The procedure when using a SVCD is identical, only at step 14 you
divide by 9
instead of 13.5.
Why are the white lines in my capture so blurred?
When you capture the DVD signal from the test DVD you will probably
notice that instead of a nice sharp single pixel wide vertical line you
get a several pixels wide line made up out of single pixel wide lines
with varying shades of grey. This has nothing to do with the
quality of your capture card. This 'blurring' is caused by the way a
DVD player plays back a single pixel. The picture below shows what
happens when a DVD player processes a single gray line with a white
pixel in it:
The row of squares on top represent some of the pixels in the original
line. Below that is a graph representing the analogue signal resulting
from it. It was taken from an actual oscilloscope picture made from the
signal of my DVD player. When the signal goes up, the color is white.
Down is black; anything in between is a shade of gray. The peak
resulting from one pixel is actually almost three DVD pixels wide, with
oscillations at the side. When you capture a signal like this using for
BT878 based card with BTWincap drivers at 720x576, the pixels resulting
from this will look like the row of pixels below. But by looking for
pixel in your capture you can still locate where the top of the peak is
and where the original white pixel must have been.

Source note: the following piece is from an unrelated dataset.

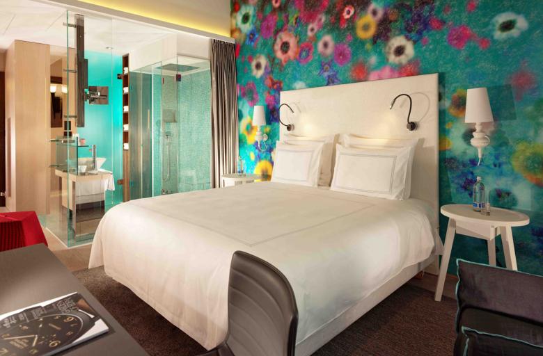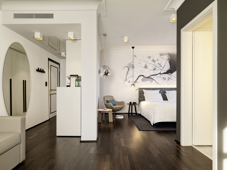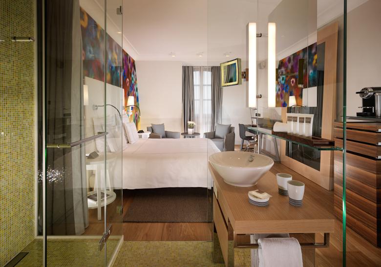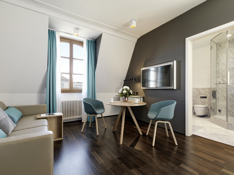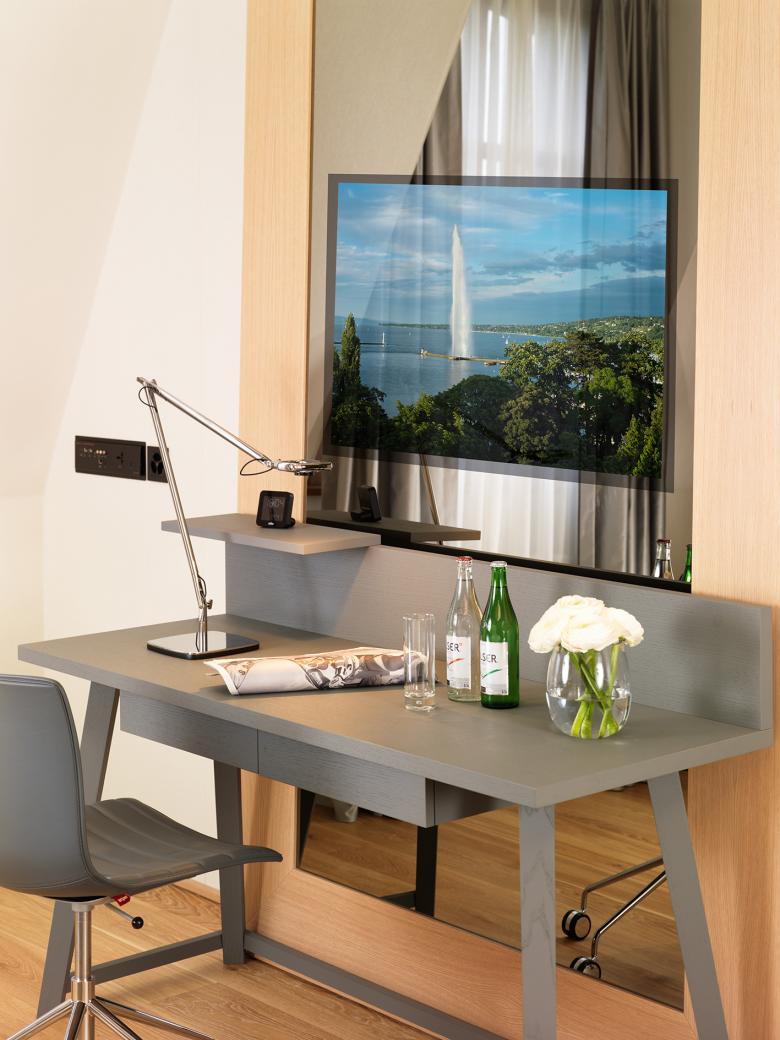 Im zweiten Satz fällt als Erstes die Grafik am Kopfende der Betten ins Auge. Schwarz auf weiss – oder in unserem Fall – weiss auf grau lassen sich filigrane Sehenswürdigkeiten der Umgebung auf der Genfer Stadtkarte finden. Gerahmte Möbel, Spiegel Türen und Spots verleihen den schlichten Zimmern und Suiten Klasse und durch die wohnlichen Leuchten und türkisen Textilien kommt heimelige Farbe ins Spiel. Wie immer spielt für uns die Materialechtheit eine grosse Rolle. So ist in den Badezimmern Carara-Marmor zum Zuge gekommen und in den Suiten laufen Sie über einen warmen Parkettboden.

A special case: BT878 based capture cards
TV cards using the Brooktree/Conexant BT878 chip have been around for a
long time. As a result there are a number of specialized tools for this
chip floating around on the internet. One of them, BTtool, enables you
to read back how the chip is being programmed by the driver and the
capture application. To function, it needs a driver, BT878.sys to be
installed. Both can be found in the download
After installation of the driver, a reboot is required, even if the
installer does not request it.
To understand the values you use below, a short description of how
BT878 cards (and for that matter CX2388x based cards ) operate is in
order. The BT878 is a programmable chip, and it is programmed by it's
drivers. The drivers do this by setting registers, the digital
equivalent of switches and nobs on the chip.

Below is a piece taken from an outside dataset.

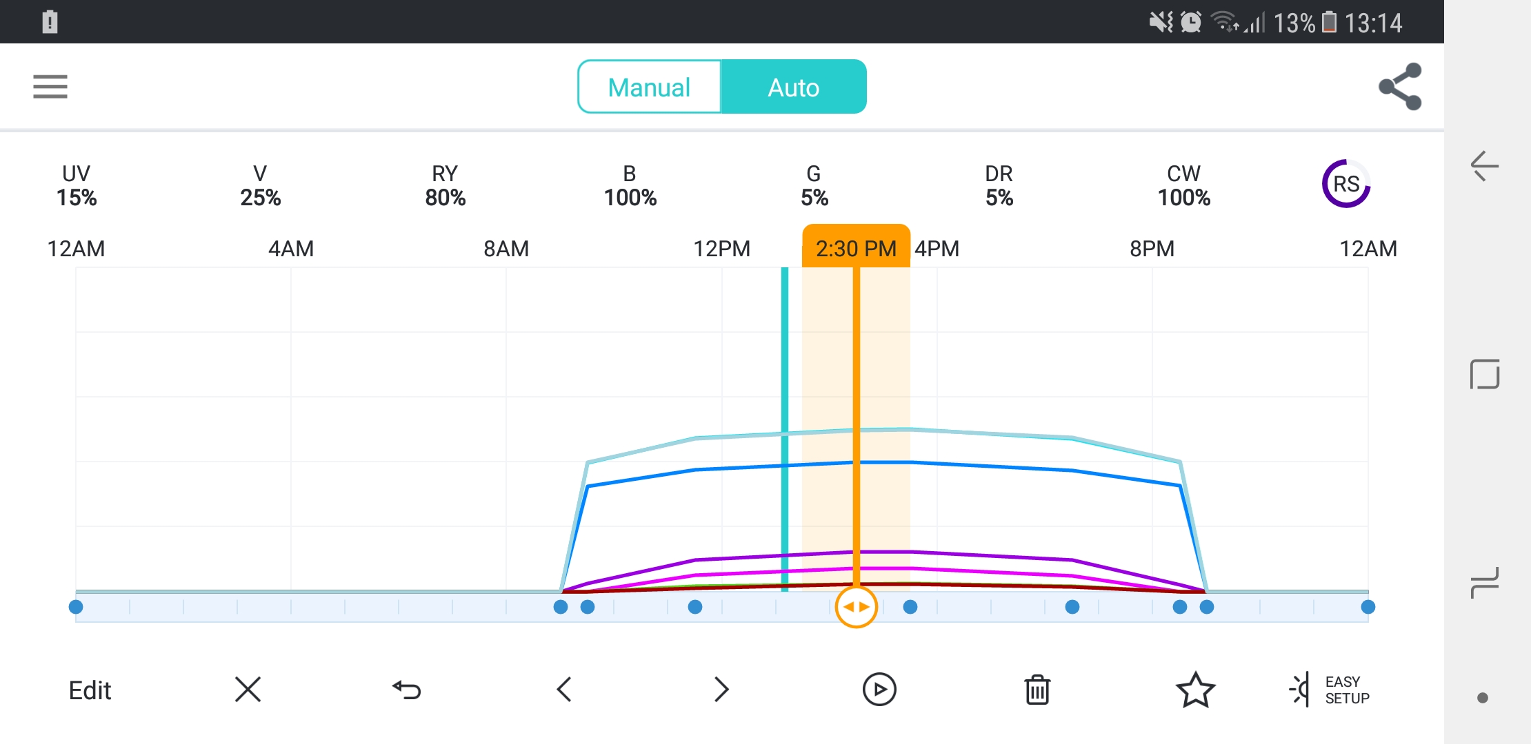 Ich kann mir für meine Hydra 26 mit den Hinweisen aus Jörgs großem PDF sowie dem häufig zu lesenden Rat, dass man für ein Becken ohne lichthungrige SPS mit ca. 0,5 Watt pro Liter rechnet, natürlich problemlos einen Beleuchtungsverlauf konfigurieren. Nur: Ich kann mir irgendwie nicht so recht vorstellen, dass dies völlig unabhängig davon ist, ob eine Lampe z.B. direkt auf dem Beckenrand aufliegt, oder, wie in meinem Fall, an der Decke hängt, wo der Abstand ja dann komplett variabel ist.

First, the card digitizes the whole scanline, 64 µs, with a
sample rate of 17.73447 MHz. This yield 64 * 17.73447 = 1135
samples per complete line (for PAL; for NTSC the number is
63.5555 * 14.31818 = 910 pixels ) . These 1135 samples are reduced to
the required number of samples per line by interpolation. In other
words, the original samples are sampled again, but at a lower rate
resulting in the desired reduced number of pixels per line. The amount
of reduction is set by a scaled sampling rate. The HScale register
contains the ratio between the unscaled and the scaled sample ratio.
Because a whole line contains non-picture information on the left
(horizontal blanking) and for a short stretch on the end (Front Porch)
the resulting pixels have to be cropped to obtain the required number
of pixels. the HDelay register determines how many of the scaled pixels
are to be cropped on the left. The HActive register determines hor many
pixels after that are used. Any pixel left after HDelay and HActive is
More on how the scaler in a capture device operates can be found here
. More details on the BT878 registers can be found in the
You can determine the capture window of a BT878 based device as follows:
The BTtool and driver can make your system unstable while they are
running. Please do not run any other applications while testing to
prevent data-loss !
- Do not start BTtool yet!
- Open your capture application, set the capture resolution and
- Start BTtool and write down the following hexadecimal
which can be found in the upper left corner of the BTtool screen:
- Vactive Lo
- HDelay low
- HActive Lo
- Hscale Hi
- HScale Lo
- Select your TV system and fill in the numbers in the calculator
- Press the Compute button
Do not change your capture settings while BTtool is running! First
close BTtool, make your changes, and restart BTtool afterwards.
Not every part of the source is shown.